Construction and Analysis of Web-Based Computer Science Information Networks

Speaker:
Jiawei Han
Department of Computer Science
University of Illinois at Urbana-Champaign

ABSTRACT
WINACS (Web-based Information Network Analysis for Computer Science) is an on-going research project that incorporates many recent, exciting developments in data sciences to construct a Web-based computer science information network, and discover, retrieve, rank, cluster, and analyze such an information network. With the rapid development of the Web, huge amounts of information are available on the Web in the form of Web documents, structures, and links. It has been a dream of the database and Web communities to harvest such information and reconcile the unstructured nature of the Web with the neat, semi-structured schemas of the database paradigm. Even though databases are currently used to generate Web content in some sites, the schemas of these databases are rarely consistent across a domain. However, with the recent research in Web structure mining and information network analysis, it becomes realistic to discover web hidden structures, construct heterogeneous information networks by integration of information from structured databases and Web contents, and perform in-depth analysis for systematic harvesting of such rich information on the Web.

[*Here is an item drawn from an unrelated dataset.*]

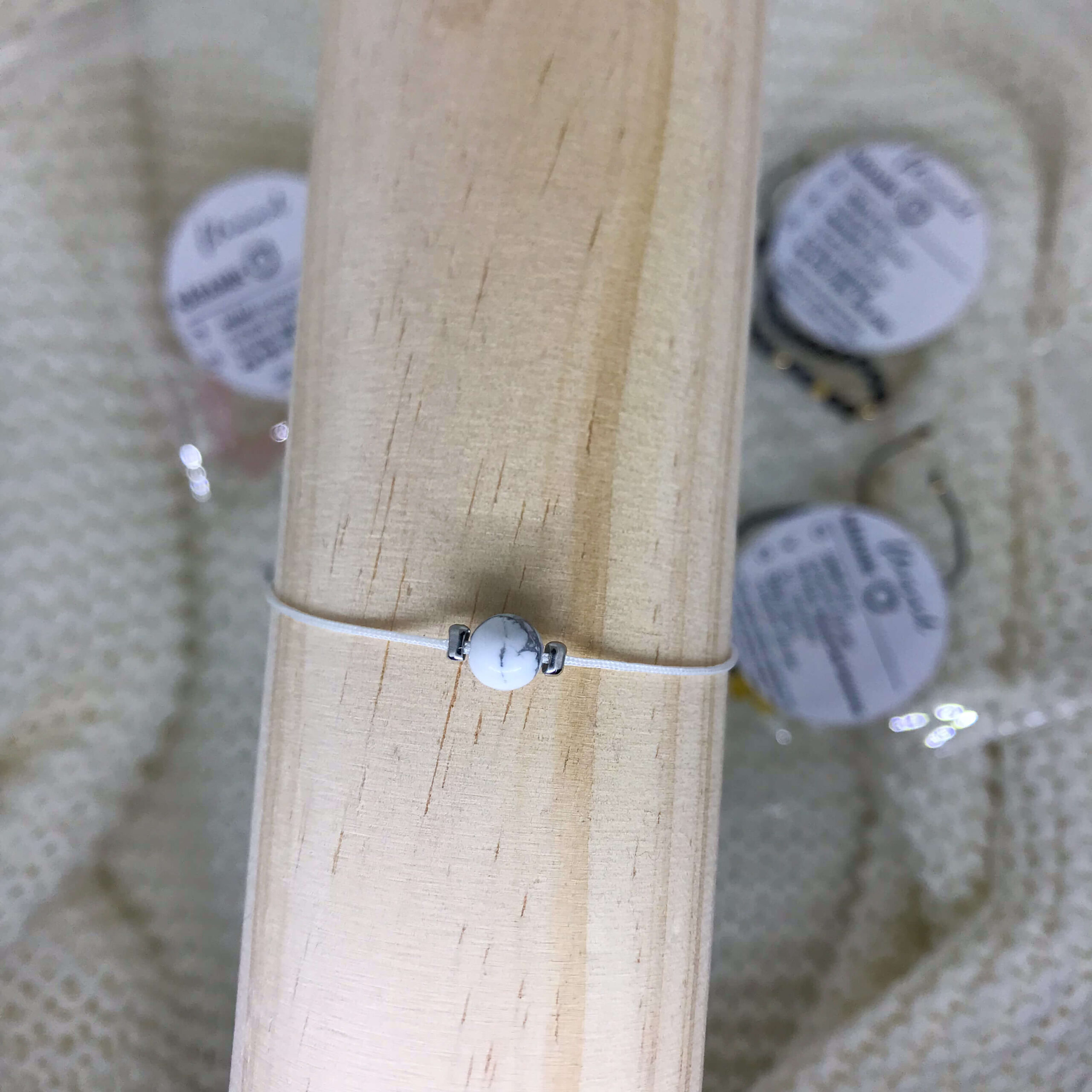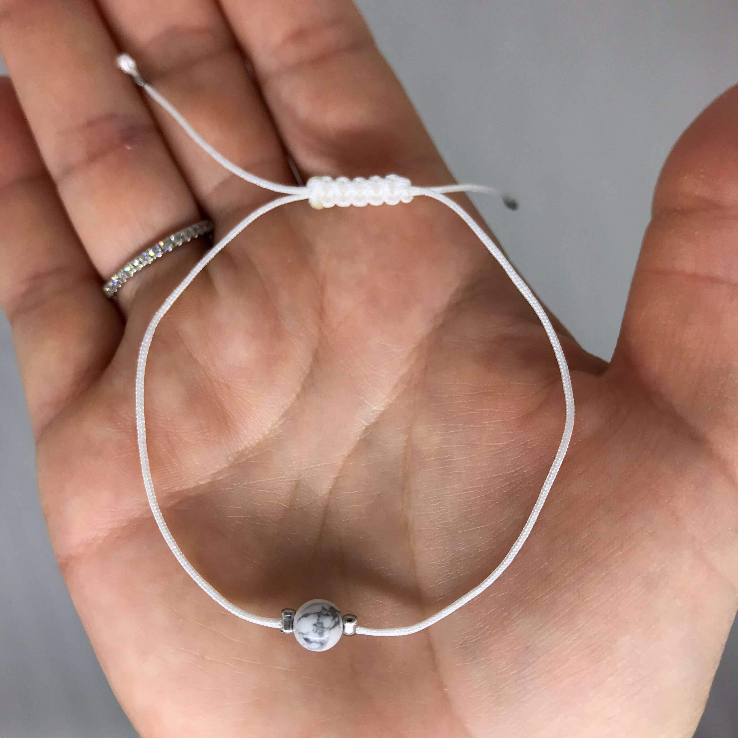 Bílý šňůrkový náramek s minerálním kamenem howlit a macramé pohyblivým uzlem z kolekce šňůrkových šperků Perenelle.

Taking computer science as a dedicated domain, WINACS first discovers Web entity structures, integrates the contents in the DBLP database with that on the Web to construct a heterogeneous computer science information network. With this structure in hand, WINACS is able to rank, cluster and analyze this network and support intelligent and analytical queries. In this talk, we will discuss the principles of information network-based web mining, show multiple salient features of WINACS and demonstrate how computer science Web pages and DBLP can be nicely integrated to support queries and mining in highly friendly and intelligent ways. We envision the methodologies can be extended to handle many other exciting information networks extracted from the Web, such as general academia, governments, sports and so on.
This project is being developed at the Data Mining Research Group in Computer Science, Univ. of Illinois, supported by multiple research funds.